「リスク対策.com」VOL.52 2015年11月掲載記事

台風18号の教訓を識者に聞く

写真はイメージです

今年9月に常総市などを襲った台風18号による鬼怒川のはん濫。降雨量600mm以上という記録的な大雨に原因を求めるのはたやすいが、しかし鬼怒川はその文字が示すように古来から「鬼が怒るように」暴れる川であり、今回の事態は十分に「予測できた事態」であったといえる。行政は、住民は、今回の反省をどのよに今う後に生かさなければいけないのだろうか。そして私たちは今回の災害から何を学ばなければいけないのだろうか。識者3人に話を聞いた。

300年で20回の洪水が記録されていた

今回の水害で、堤防が決壊した原因は何だったのだろうか。水害と土木建築に詳しい中央大学理工学部都市環境学科の山田正教授は、「鬼怒川の堤防は、およそ一雨で300mm強の降雨量で設計されている。今回のように台風や長雨など、雨が降る原因が重なり、600mm以上の降雨量があれば、越水破堤するのは当然だ」と話す。歴史をひもとくと、鬼怒川周辺では1700年代からこれまでの300年で20回ほどの洪水が記録されているという。「まず、鬼怒川周辺は水害が歴史的にも多い場所だったと、行政も住民ももっと認識していなければいけなかった。堤防の補強などで、ここ30年ほどたまたま大丈夫だっただけで、安全だと錯覚してしまった」と語気を強める。 

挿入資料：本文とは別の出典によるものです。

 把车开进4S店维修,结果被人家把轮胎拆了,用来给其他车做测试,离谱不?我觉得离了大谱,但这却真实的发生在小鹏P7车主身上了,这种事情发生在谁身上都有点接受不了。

鬼怒川の流域界は図の赤い部分。北は栃木県日光市あたりを水源とし、ちょうどイチョウの葉のような形をしている。今回の水害では、台風18号に加えて東海地方を横切る台風17号が上空でぶつかり、鬼怒川の上流であるイチョウ葉の広がっている部分に、積乱雲が帯状に連なる「線状降水帯」が発生。その大きさは東西200km、南北500km以上にもなり、日光市では9日午前0時から11日午後1時までの雨量が600mm以上に達したという。線状降水帯はその後、北に移動し、宮城県でも大雨を降らせた。この大雨が、常総市に大水害をもたらした。

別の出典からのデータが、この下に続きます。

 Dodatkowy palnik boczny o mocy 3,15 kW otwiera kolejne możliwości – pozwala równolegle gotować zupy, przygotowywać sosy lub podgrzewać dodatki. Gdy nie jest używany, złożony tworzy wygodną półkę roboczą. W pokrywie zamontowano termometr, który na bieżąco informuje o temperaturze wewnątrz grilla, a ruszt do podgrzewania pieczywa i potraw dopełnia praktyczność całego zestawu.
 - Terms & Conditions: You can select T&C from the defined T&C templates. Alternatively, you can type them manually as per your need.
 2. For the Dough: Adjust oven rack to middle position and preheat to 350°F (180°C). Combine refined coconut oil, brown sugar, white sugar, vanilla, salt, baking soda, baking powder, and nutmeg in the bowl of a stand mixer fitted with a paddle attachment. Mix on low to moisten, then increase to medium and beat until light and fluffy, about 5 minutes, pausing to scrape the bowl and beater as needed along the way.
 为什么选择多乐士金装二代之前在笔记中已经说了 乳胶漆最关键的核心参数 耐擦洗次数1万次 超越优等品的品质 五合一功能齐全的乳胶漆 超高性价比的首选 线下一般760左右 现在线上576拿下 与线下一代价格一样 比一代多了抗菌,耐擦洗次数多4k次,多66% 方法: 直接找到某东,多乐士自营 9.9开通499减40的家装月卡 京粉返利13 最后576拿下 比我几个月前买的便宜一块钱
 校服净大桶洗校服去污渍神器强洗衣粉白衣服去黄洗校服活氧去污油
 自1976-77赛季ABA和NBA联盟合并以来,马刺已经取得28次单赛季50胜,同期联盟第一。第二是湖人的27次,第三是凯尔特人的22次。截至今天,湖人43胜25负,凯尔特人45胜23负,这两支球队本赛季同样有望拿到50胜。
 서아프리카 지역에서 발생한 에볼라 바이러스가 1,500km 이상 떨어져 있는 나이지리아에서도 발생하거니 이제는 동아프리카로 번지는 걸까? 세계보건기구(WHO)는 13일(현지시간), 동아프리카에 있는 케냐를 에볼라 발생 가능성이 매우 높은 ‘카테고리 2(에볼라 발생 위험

しかし、一般の住民にとっては「600mmの大雨」と言ってもそれが何をもたらすのか、想像するのは難しいだろう。山田氏は「地域によっても違うが、関東、東北、北海道までの地域では、150mmの雨が降れば山間部で地滑りなどを起こすと考えた方が良い。250mmだとどこかで床下浸水が発生する。300mmを超すと、河川の上流から中流域にかけてどこかで堤防が切れる。今回のような600mmクラスでなくても、例えば450mm降ったら相当危ないと考えていい。利根川水系の上流で300mm以上の雨が降ったら、東京の低平地などは危険水域に入ると考えてほしい」と話す。